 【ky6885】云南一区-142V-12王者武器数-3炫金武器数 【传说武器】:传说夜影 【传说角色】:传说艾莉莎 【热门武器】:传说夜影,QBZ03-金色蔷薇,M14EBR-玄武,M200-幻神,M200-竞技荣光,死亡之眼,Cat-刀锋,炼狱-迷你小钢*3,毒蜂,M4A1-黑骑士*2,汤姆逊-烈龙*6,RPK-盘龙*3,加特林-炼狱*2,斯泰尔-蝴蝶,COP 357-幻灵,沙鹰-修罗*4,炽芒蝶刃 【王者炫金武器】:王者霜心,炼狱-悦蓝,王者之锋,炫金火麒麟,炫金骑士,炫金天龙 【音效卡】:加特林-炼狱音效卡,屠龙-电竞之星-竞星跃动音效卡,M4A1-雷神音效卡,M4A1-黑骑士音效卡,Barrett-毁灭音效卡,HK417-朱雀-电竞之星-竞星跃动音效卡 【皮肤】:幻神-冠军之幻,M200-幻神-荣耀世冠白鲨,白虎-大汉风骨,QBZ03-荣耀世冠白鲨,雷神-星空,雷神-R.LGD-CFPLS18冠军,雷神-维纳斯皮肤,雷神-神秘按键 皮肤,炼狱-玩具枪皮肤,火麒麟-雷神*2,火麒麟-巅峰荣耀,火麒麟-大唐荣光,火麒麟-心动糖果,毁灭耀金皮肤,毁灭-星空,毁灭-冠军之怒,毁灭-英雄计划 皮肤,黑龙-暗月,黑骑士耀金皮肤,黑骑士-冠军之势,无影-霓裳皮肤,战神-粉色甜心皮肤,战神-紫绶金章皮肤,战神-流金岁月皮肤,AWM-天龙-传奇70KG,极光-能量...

---

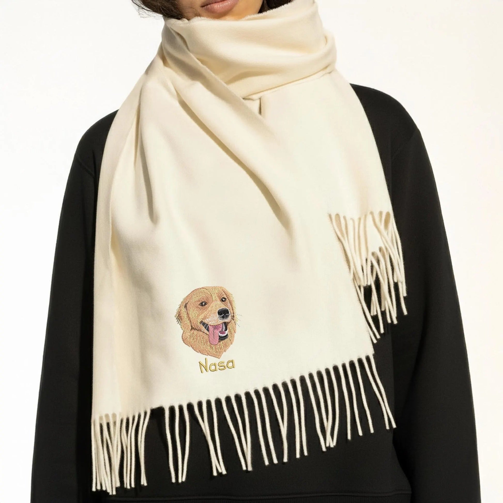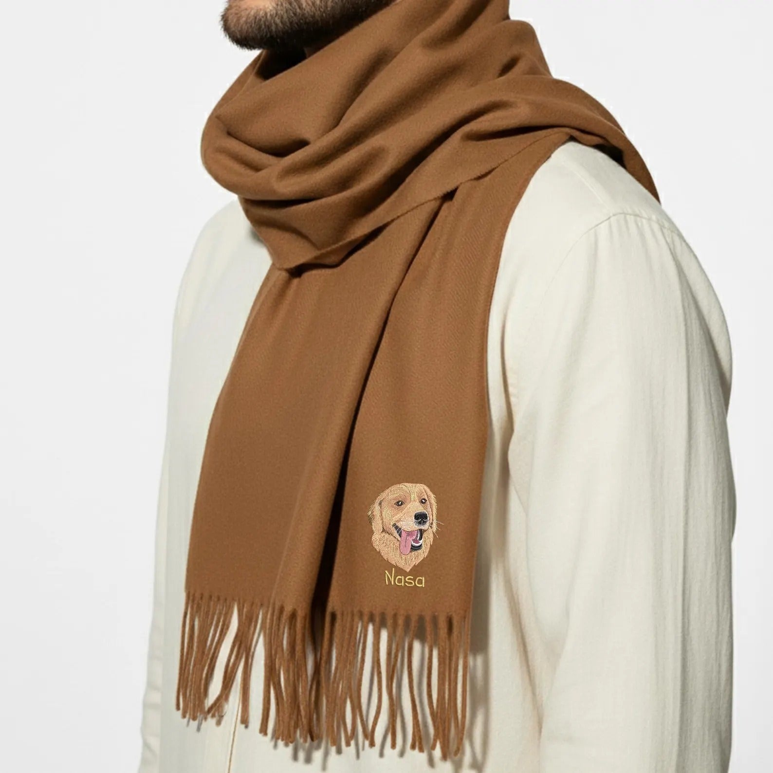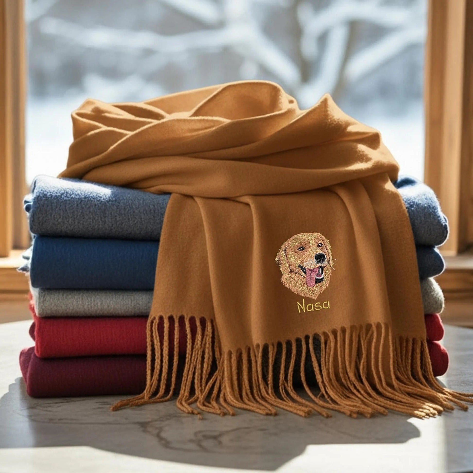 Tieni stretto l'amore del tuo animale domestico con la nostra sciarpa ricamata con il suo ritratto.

---

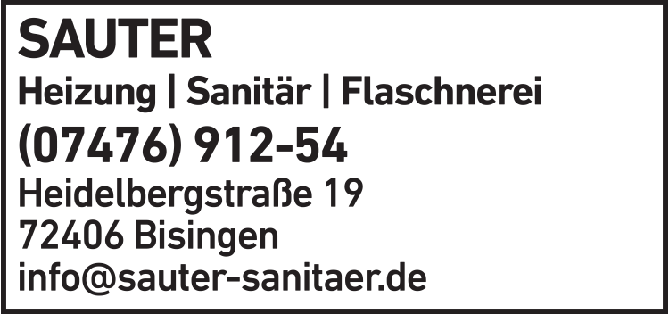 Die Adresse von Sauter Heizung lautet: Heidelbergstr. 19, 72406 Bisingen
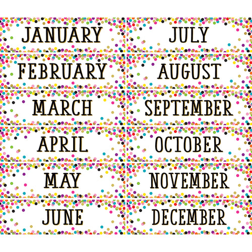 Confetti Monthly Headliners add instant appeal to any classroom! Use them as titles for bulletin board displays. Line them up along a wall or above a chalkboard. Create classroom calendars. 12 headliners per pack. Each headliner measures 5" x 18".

■ TASK TO CARRY OUT
Please return the material above only from the line that holds "Die Adresse von" through the line that holds "Confetti Monthly Headliners", exactly as it stands, ends included and pictures omitted.

■ REPLY
 Die Adresse von Sauter Heizung lautet: Heidelbergstr. 19, 72406 Bisingen
 Confetti Monthly Headliners add instant appeal to any classroom! Use them as titles for bulletin board displays. Line them up along a wall or above a chalkboard. Create classroom calendars. 12 headliners per pack. Each headliner measures 5" x 18".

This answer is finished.